LINQ query optimization by query rewriting using a custom IQueryable LINQ provider
In my SkyLinq open source project so far, I tried to make LINQ better and created several extension methods (for example, see GroupBy and TopK) that are more memory efficient than the standard methods in some scenarios. However, I do not necessarily want people to bind into these extensions methods directly for the following reasons:
- Good ideas evolve. New methods may come and existing methods may change.
- There is a parallel set of methods in IEnumerable<T>, IQueryable<T> and to some degree, in IObservable<T>. Using custom LINQ extension breaks the parallelism.
A better approach would be to write the LINQ queries normally using the standard library methods and then optimize the queries using a custom query provider. Query rewriting is not a new idea. SQL server has been doing this for years. I would like to bring this idea into LINQ.
If we examine the IQueryable<T> interface, we will find there is a parallel set of LINQ methods that accepts Expression<Func> instead of <Func>.
There is a little C# compiler trick here. If C# see a method that accepts Expression<Func>, it would create Expressions of Lamda instead of compiled Lambda expression. At run time, these expressions are passed to an IQueryable implementation and then passed to the underlying IQueryProvider implementation. The query provider is responsible for executing the expression tree and return the results. This is how the magic of LINQ to SQL and Entity Frameworks works.
The .net framework already has a class called EnumerableQuery<T>. It is a query provider than turns IQueryable class into LINQ to objects queries. In this work, I am going one step further by creating an optimizing query provider.
A common perception of writing a custom LINQ provider is that it requires a lot of code. The reason is that even for the most trivial provider we need to visit the every possible expressions in the System.Linq.Expressions namespace. (Note that we only need to handle expressions as of .net framework 3.5 but do not need to handle the new expressions added as part of dynamic language runtime in .net 4.x). There are reusable framework such as IQToolkit project that makes it easier to create a custom LINQ provider.

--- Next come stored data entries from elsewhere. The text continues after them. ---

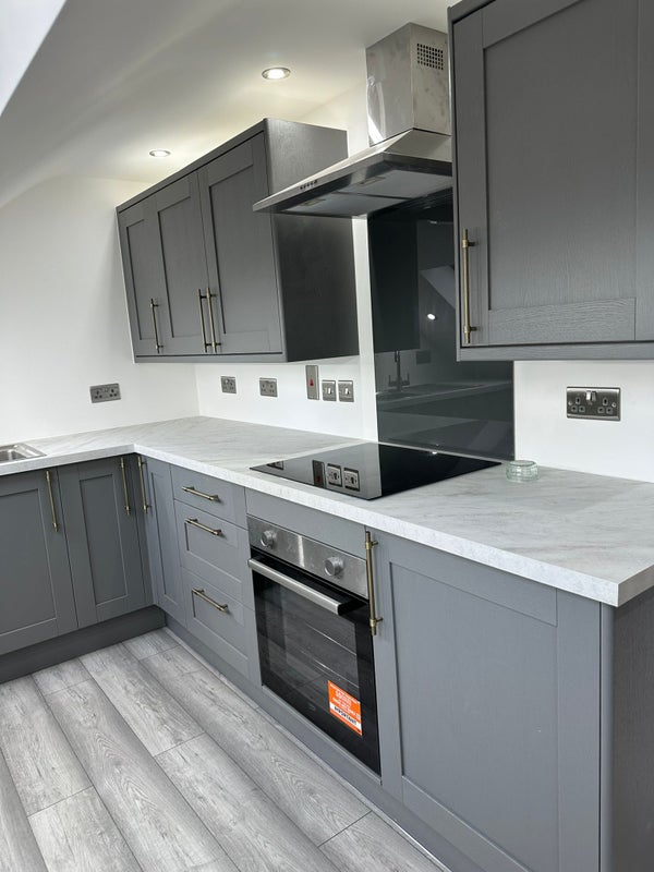 Large double bedroom and a fully equipped brand new kitchen and a brand new bathroom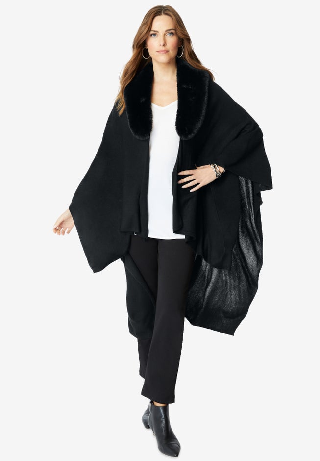 The chicest winter accessory? This wrap shawl, complete with faux fur collar.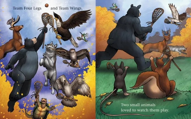 A game of lacrosse is about to begin—with the four-legged animals facing off against the winged animals. Mouse and Squirrel want to join!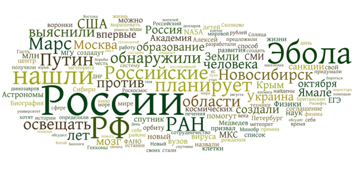 Если вы очень внимательны и очень догадливы, то вы посмотрите на предыдущее облако еще раз и скажете: погодите, но почему вы выбрали как ключевые слова «наука / научный»? Ведь в новости или аналитической статье про научное открытие скорее всего не будут писать слово «наука». Вы будете абсолютно правы. Мы догадались об этом чуть позже, и начали смотреть повестку по словам «наука / научный / ученые». Картинка стала выглядеть несколько более валидно: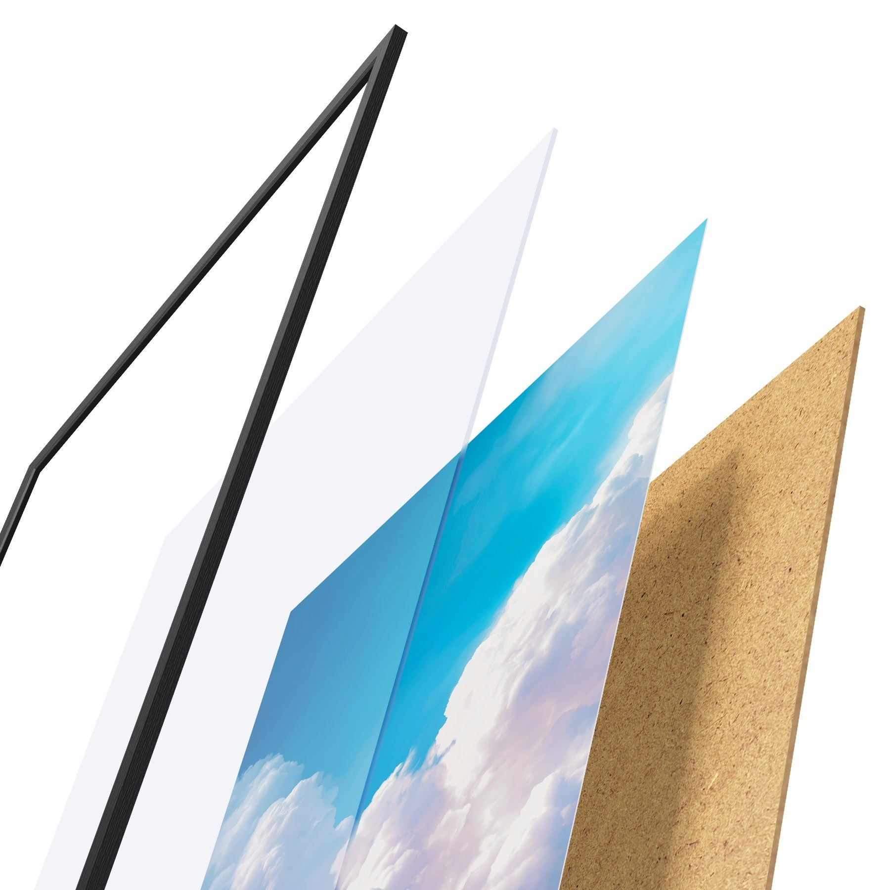 L’affiche encadrée est composée d’un cadre, d’un plexiglas, d’une image imprimée et d’un support en aggloméré. Elle est prête à être accrochée au mur grâce aux fixations situées à l’arrière.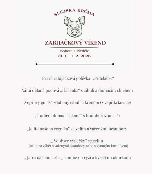 159 KčZabijačkový víkend 31. 1. – 1. 2. 2026 Zveme vás na pravý zabijačkový víkend, kde to voní poctivou domácí kuchyní ❤️ Zjistit více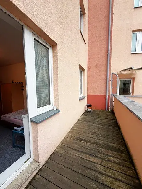 obývací pokoj s kuchyňským koutem a vstupem na balkon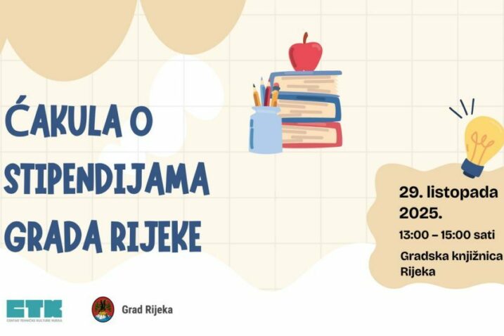 Grad Rijeka poziva sve srednjoškolce i studente i njihove roditelje na “Ćakulu o stipendijama”, koja će se održati u srijedu, 29. listopada od 130 do 15 sati u Gradskoj knjižnici Rijeka, Viktora Cara Emina 1.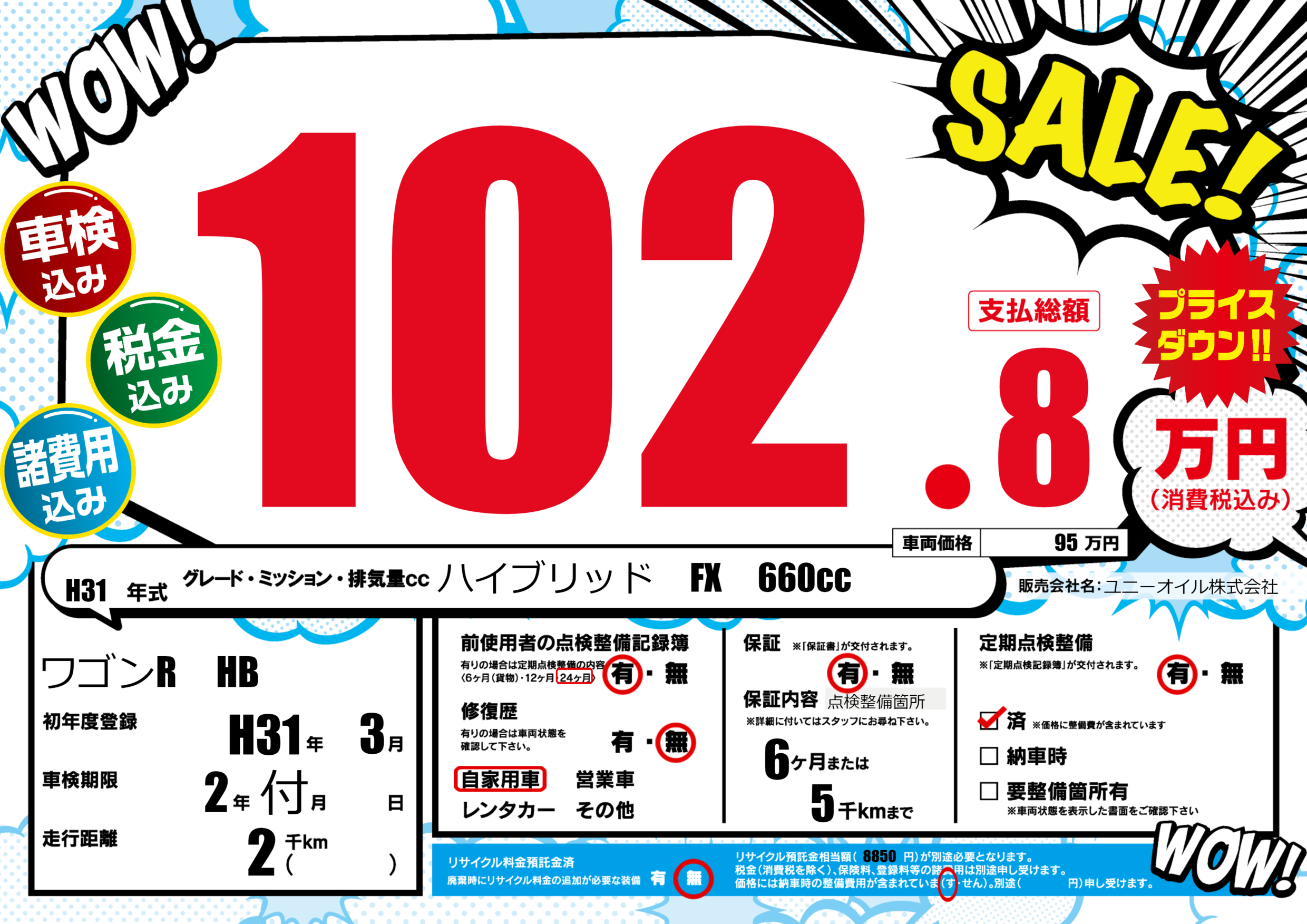 | 定期点検整備 | 定期点検整備あり 定期点検整備済み | ||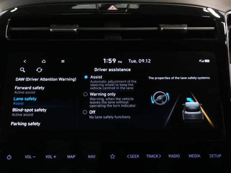 Experience the impressive Hyundai Tucson Hybrid, where luxury meets innovation. Enjoy panoramic roof views, an advanced sunroof, and effortless journeys with adaptive cruise control. Inside, relax with heated and cooled leather seats, a heated steering wheel, and keyless entry. Stay seamlessly connected via Apple CarPlay and navigate with ease using the built-in sat nav. For added safety and convenience, benefit from active lane assist, a reversing camera, and brilliant LED headlights. Drive with comfort and confidence wherever you go. 2 services recorded, last serviced on 25/09/2025 at 77,952 miles. MOT to 11/11/2026. Visit our website for service history, online valuation, full vehicle specification plus multiple images. This vehicle is VAT qualifying. Any feature/option specified here is from 3rd party data. We cannot guarantee the accuracy of any specification supplied by a 3rd party. We recommend that you physically check the specification of the vehicle on site prior to purchase. This information does not form part of the buying contract. Terms & Conditions apply. We have over 2,000 cars available from our 10 national branches, check our website to see all our stock. Our Trustpilot rating is 4.4/5 with over 9,000 reviews.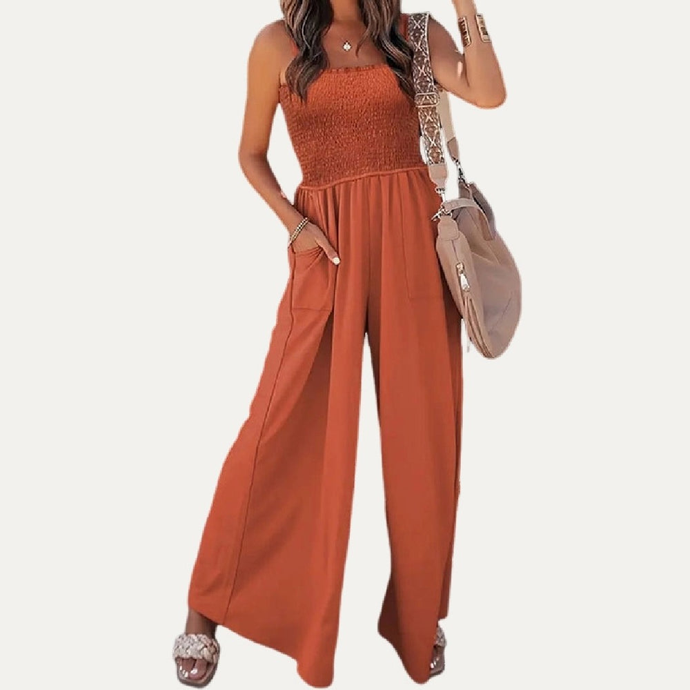 This brick red jumpsuit offers a lightweight poly fabric which makes it comfortable to wear. Featuring a square neckline and tank straps, its smocked, sleeveless bodice provides a flattering fit. Practical patch pockets add convenience, while the high waist and wide-leg pants create a stylish, elongating silhouette. This piece blends comfort and effortless style.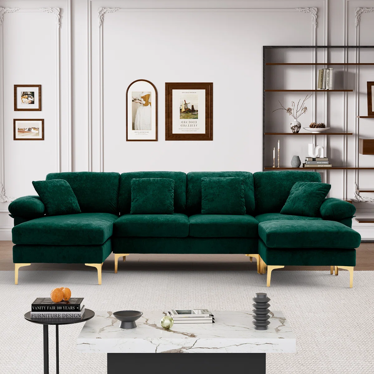 This 114” wide sectional sofa is ideal for a chic modern accent to your living room, bedroom, or home office. It’s made of solid plywood and features high-density foam padding and soft upholstery in a solid hue. This loveseat features a square back and pillow top arms; bracket legs in a gold-tone elevate the look. The removable ottoman can be combined with the sofa to form a U-shaped sofa with double chaise. Please check the bottom side of the A,B,C seat to get all other assemble parts.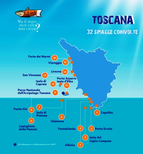Saranno 32 le località della Toscana coinvolte nell’iniziativa, tra le spiagge e gli stabilimenti balneari di Capalbio, Porto Ercole, Albinia, Talamone, Livorno, San Vincenzo, Viareggio, Forte dei Marmi, Castiglione della Pescaia, Fonteblanda, Punta Ala.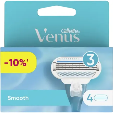 Сменные кассеты для женской бритвы Venus Smooth, в упаковке 4 шт. Благодаря трем повторяющим изгибы тела лезвиям и разглаживающим кожу защитным подушечкам вокруг лезвий бритва обеспечивают гладкое и чистое бритье одним движением.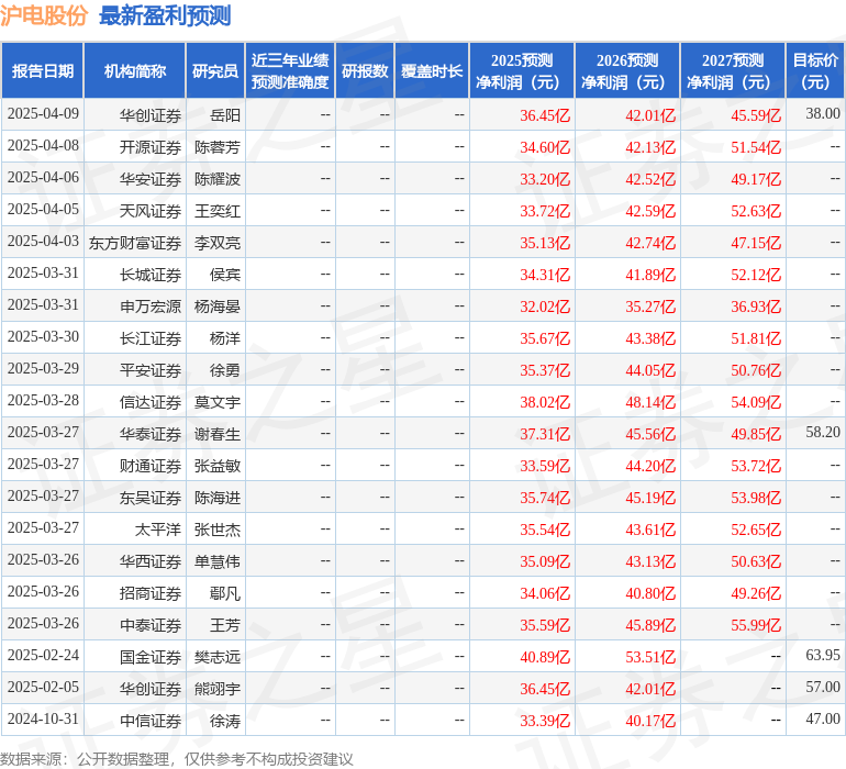 最新盈利预测明细如下: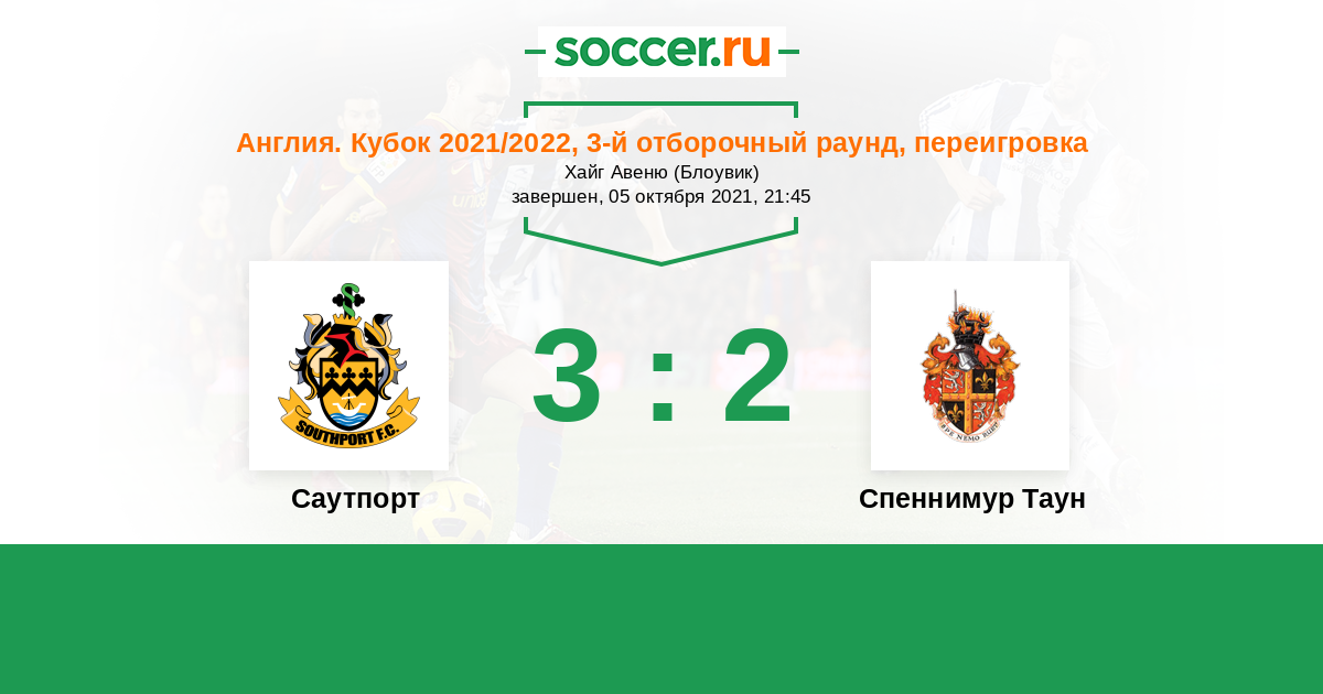 Англия. Кубок 02.10.2021 Спеннимур Таун Логотип футбольный клуб Спеннимур Таун 0:0 Логотип футбольный клуб Саутпорт Саутпорт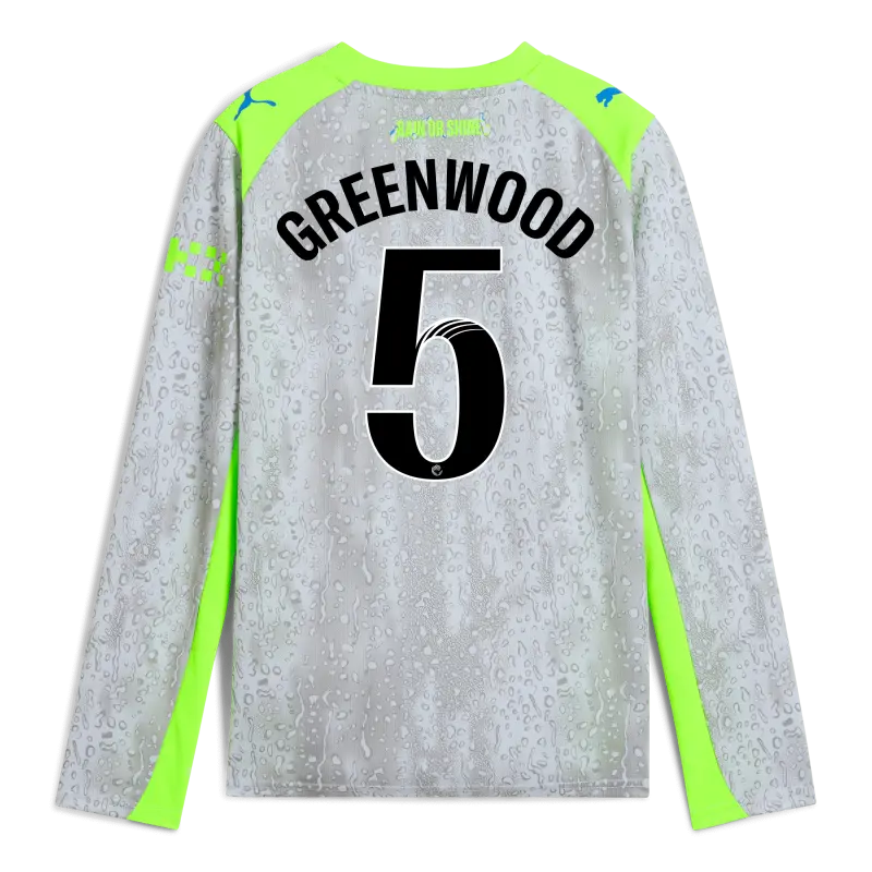 Kids’ Manchester City Third Jersey 2025/26 Long Sleeve With GREENWOOD 5 Printing

In contrast, creating an optimizing query provider is fairly easy. The ExpressionVistor class already has the framework that I need. I only needed to create a subclass of ExpressionVisitor called SkyLinqRewriter to override a few methods. The query rewriter basically replaces all call to the Queryable class with equivalent calls to the Enumerable class and rewrite queries for optimization when an opportunity presents.
It is fairly easy to consume the optimizing query provider. All we need is to call AsSkyLinqQueryable() to convert IEnumerable<T> to IQueryable<T> and remaining code can stay intact:
An end-to-end example can be found at https://skylinq.codeplex.com/SourceControl/latest#SkyLinq.Example/LinqToW3SVCLogExample.cs.
To conclude this post, I would recommend that we always code to IQueryable<T> instead of IEnumerable<T>. This way, the code has the flexibility to be optimized by an optimizing query provider, or be converted from pull based query to push based query using Reactive Extension without rewriting any code.